機器學習之Artificial Neural Networks

人類經過模仿天然界中的生物,已經發明瞭不少東西,好比飛機,就是模仿鳥翼,但最終,這些東西會和原來的東西有些許差別,artificial neural networks (ANNs)就是模仿動物大腦的神經網絡。node

ANNs是Deep Learning的基本組成部分,它有不少用處:python

ANNs are at the very core of Deep Learning. They are versatile, powerful, and scala‐ ble, making them ideal to tackle large and highly complex Machine Learning tasks, such as classifying billions of images (e.g., Google Images), powering speech recogni‐ tion services (e.g., Apple’s Siri), recommending the best videos to watch to hundreds of millions of users every day (e.g., YouTube), or learning to beat the world champion at the game of Go by examining millions of past games and then playing against itself (DeepMind’s AlphaGo).git

From Biological to Artificial Neurons

ANNs已經有很悠久的歷史了,咱們不談歷史,到目前爲止,ANNs又從新煥發青春,主要有下邊幾個理由:算法

  • 如今有大量高質量的數據來訓練神經網絡,而且ANNs更適宜大且複雜的問題
  • 物理計算能力的巨大提高,爲訓練大型神經網絡提供了基礎,好比強大的GPU
  • 訓練算法有了必定的改進,性能獲得很大提高
  • ANNs的理論侷限性已經在實踐中被證實是良性的,經過大量的實驗,ANNs都體現了良好的效果,最大限度的接近全局最優解
  • 資金流向ANNs,這一樣極大刺激了它的發展

Biological Neurons

ANNs主要是模仿生物神經元,咱們先簡單瞭解一下生物神經元的組成:api

神經元由細胞體,樹突,軸突和神經末梢組成:網絡

  • 細胞體的做用是處理樹突傳過來的各類信息,在ANNs中它就比如激活函數,用於決定當前神經元的輸出
  • 樹突用於鏈接其餘的神經元,在ANNs中它就像每一個神經元和輸入的鏈接
  • 軸突是神經元的輸出

生物系統的神經元網絡:架構

深度神經網絡:app

Logical Computations with Neurons

若是咱們把神經元的輸入和輸出都設定爲二進制(開或者關),咱們可以利用ANNs實現一些邏輯運算,下邊就是一個示例:dom

  • 最左邊的是一個identity函數,A的狀態直接傳遞給C
  • 第一個實現了邏輯AND,只有當A和B都激活的時候,C才被激活
  • 第三個實現了邏輯OR, A或B任何一個被激活,C都會激活
  • 第四個,只有A激活且B不激活的狀況下,才能激活C

The Perceptron

Perceptron是ANNs架構的最簡單的一種,它的神經元成爲linear threshold unit (LTU),咱們後續都使用LTU這個名稱,它的輸入和輸出都是數值類型,先看一張示意圖:ide

每一個輸入值都經過一個w(權值)和神經元連接,這時候神經元就是上邊提到的LTU,LTU經過下邊的公式計算輸入的值:
\[ z = w_1x_1 + w_2x_2 + \cdots + w_nx_n = \vec{w}^T \cdot \vec{x} \]
求和結束後,使用一個step function來再次計算要輸出的值,公式以下:
\[ h_w(\vec{x}) = step(z) = step(\vec{w}^T \cdot \vec{x}) \]
通常通用的step function有兩個:
\[ heaviside(z) = \begin{cases} 0 & \text{if $z < 0$} \\ 1 & \text{if $z \geq 0$} \end{cases} \]

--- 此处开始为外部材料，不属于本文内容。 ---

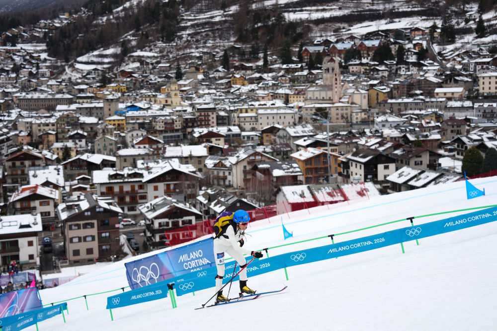 2026年2月21日,次旦玉珍在米蘭-科爾蒂納冬奧會滑雪登山混合接力的比賽中。新華社記者 顏麟蘊 攝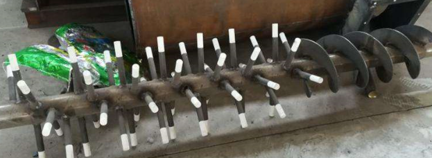 3.加大出料口或加長(zhǎng)料槽端部,以解決排料不暢或來(lái)不及排料的問(wèn)題。同時(shí),還可在出料口料槽端部安裝一小段反旋向葉片,以防端部堵料。

\[ sgn(z) = \begin{cases} -1 & \text{if $z < 0$} \\ 0 & \text{if $z = 0$} \\ 1 & \text{if $z > 0$} \end{cases} \]

看上圖可知,一個單獨的LTU能夠作線性二進制分類,原理是,它對輸入數據求和後,在根據一個threshold作判斷,而後再輸出類別。

Perceptron能夠說是由單層的LTUs組成,咱們已經知道LTUs是一個神經單元,若是把多個LTUs放到一層,做爲輸出層,再增長一個輸入層,就構成了感知機。在輸入層還須要增長一個偏置。以下圖所示:

那麼感知機是如何訓練的呢?由上圖可知,訓練感知機就是獲取這些連接中的權值w,天然地,若是某個LTU的預測值和實際值差異越大,w更新的步子就越大,所以,得出下邊的公式:
\[ w_{i,j}^{(next \ step)} = w_{i,j} + \eta(\hat{y_j} - y_j)x_i \]

  • \(w_{i, j}\)是第i個輸入神經元和第j個輸出神經元的權值
  • \(x_i\)是當前訓練實例的第i個輸入值
  • \(\hat{y_j}\)是當前訓練實例的第j個神經元的輸出值
  • \(y_j\)是當前訓練實例的第j個神經元的實際值
  • \(\eta\)是學習率

因爲每個輸出神經元的決策邊界是線性的,全部感知機不能處理複雜的學習模式,好比邏輯迴歸分類。若是訓練集是線性可分的,它是能夠實現的。

咱們用代碼實現一個iris分類的例子:

import numpy as np
from sklearn.datasets import load_iris
from sklearn.linear_model import Perceptron

iris = load_iris()
X = iris.data[:, (2, 3)]  # petal length, petal width
y = (iris.target == 0).astype(np.int)

per_clf = Perceptron(max_iter=100, tol=-np.infty, random_state=42)
per_clf.fit(X, y)

y_pred = per_clf.predict([[2, 0.5]])

"""
array([1])
"""

其實,感知機算法和隨機梯度降低算法很類似,實際上Scikit-Learn的Perceptron類等同於使用SGDClassifier類,設置loss="perceptron" learning_rate="constant" eta=1 penalty=None

相對於邏輯迴歸分類,感知機的缺點是它並不輸出機率。它的預測只能根據一個hard threshold。這也是爲何選擇邏輯迴歸分類的緣由。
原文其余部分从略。